24. May 2024

Building follow-the-money skills and networks to target environmental crime syndicates

The illegal wildlife trade is operating at an industrial scale. It has a direct impact on the accelerating rate of biodiversity loss and deprives local communities of sustainable livelihoods.

A grant from the UK’s IWT Challenge Fund has enabled the Basel Institute’s Green Corruption team to extend its work in a number of countries vulnerable to the illegal wildlife trade. By providing training, mentoring on live cases and fostering communities of practice, we are advancing the use of “follow-the-money” techniques to combat the criminal networks operating in this field.

An underused approach

The follow-the-money approach involves scrutinising transactions to extract evidence about crimes and criminal networks. It is widely recognised for its value in investigating and prosecuting profit-driven crime as well as confiscating the proceeds and instrumentalities of crime. However it is still underused, particularly in relation to environmental crime.
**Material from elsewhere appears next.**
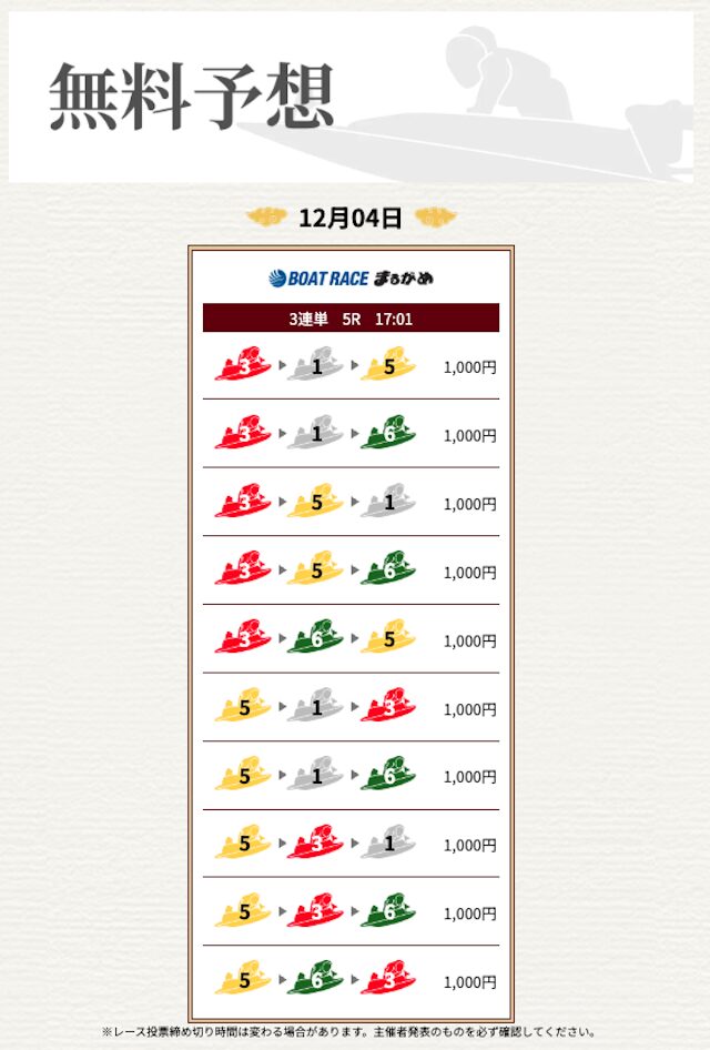 | 情報料金+舟券代 | 90,000円 |
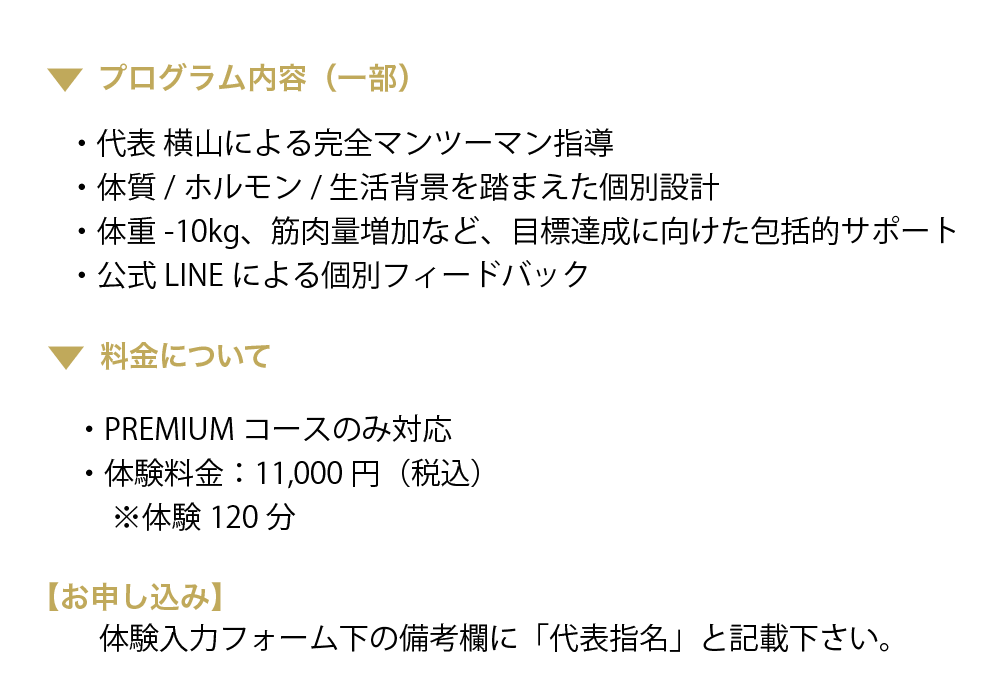 ※premium16回コース以降は、1回当たりの単価がstandardコースと同様なり食事・自主トレ管理サービスは永年無料となります。

Like other transnational crime networks, environmental crime syndicates exploit legal, transport and financial systems to facilitate crimes and evade detection, moving money and goods in complex networks around the world. But the use of these systems is also the criminals’ Achilles heel – the size and sophistication of their networks create a significant footprint and enable investigators with the right skills to trace their financial flows. 

Our programme aims to capitalise on this opportunity by strengthening capacity in follow-the money-techniques, encouraging cross-border collaboration and providing opportunities for peer learning.

Training investigators to trace funds

Building capacity for these techniques in the environmental field is the foundation of this initiative. This is achieved through a combination of intensive training in financial investigations and asset recovery, and in-person mentoring by locally based advisors. This face-to-face, tailored support can help officers to translate new knowledge into practice, especially when resources are limited.

We now have local teams working with government agencies in countries directly impacted by the illegal trade in wildlife and related environmental crimes:

  • In Madagascar, where several species of fauna and flora are under extreme threat from the illegal wildlife trade and illegal logging. The seizure of tens of thousands of radiated tortoises from traffickers in 2018 is just one example of the massive and organised scale of these operations.
  • In Peru and Bolivia, where the jaguar population is classified on the International Union for Conservation of Nature Red List as “near threatened” partly as a result of the illegal trade in this coveted species.
  • In Uganda, which is a transit hub for wildlife products, including ivory and pangolin scales, and a centre of complex financial flows in Africa and beyond.
  • And in Indonesia, where illegal, unreported and unregulated fishing threatens marine ecosystems and affects livelihoods.

Strengthening the network

A second pillar of the IWT Challenge Fund project is to create a community of experts and advisors on follow-the-money approaches in the environmental sphere. Through virtual roundtables with other IWT Challenge Fund grantees and civil society organisations from around the world, we are collectively working to increase the use of financial investigations and asset recovery in the fight against illegal wildlife trade.

As well as the benefits of peer learning and support, building this community will help to generate “surge” capacity to investigate and take down major environmental crime syndicates.

Knowledge sharing

These efforts align with the establishment of a dedicated Follow-the-Money Working Group in 2022 as part of the Countering Environmental Corruption Practitioners Forum – an initiative of the Basel Institute, WWF, Transparency International and TRAFFIC. Led by our Green Corruption team, the Working Group has already been instrumental in facilitating knowledge exchange through workshops on various follow-the-money topics, including closed case reviews, recent trends and proactive financial analysis.

An additional sub-group made up exclusively of law enforcement professionals allows peer learning among prosecutors and investigators who are receiving mentoring in our priority countries. These meet virtually to share their experiences and challenges.

Increasing risk for criminals, and reach for practitioners

As long as environmental crime remains a high-profit and low-risk activity, we will never succeed in combating it. Nor will we succeed without networks of skilled practitioners that reach as far as those of the crime syndicates.

The twin pillars of this IWT Challenge Fund project – building both technical capacity for financial investigations and a broad follow-the-money practitioner network – are therefore crucial steps in strengthening global efforts to protect our wildlife and biodiversity.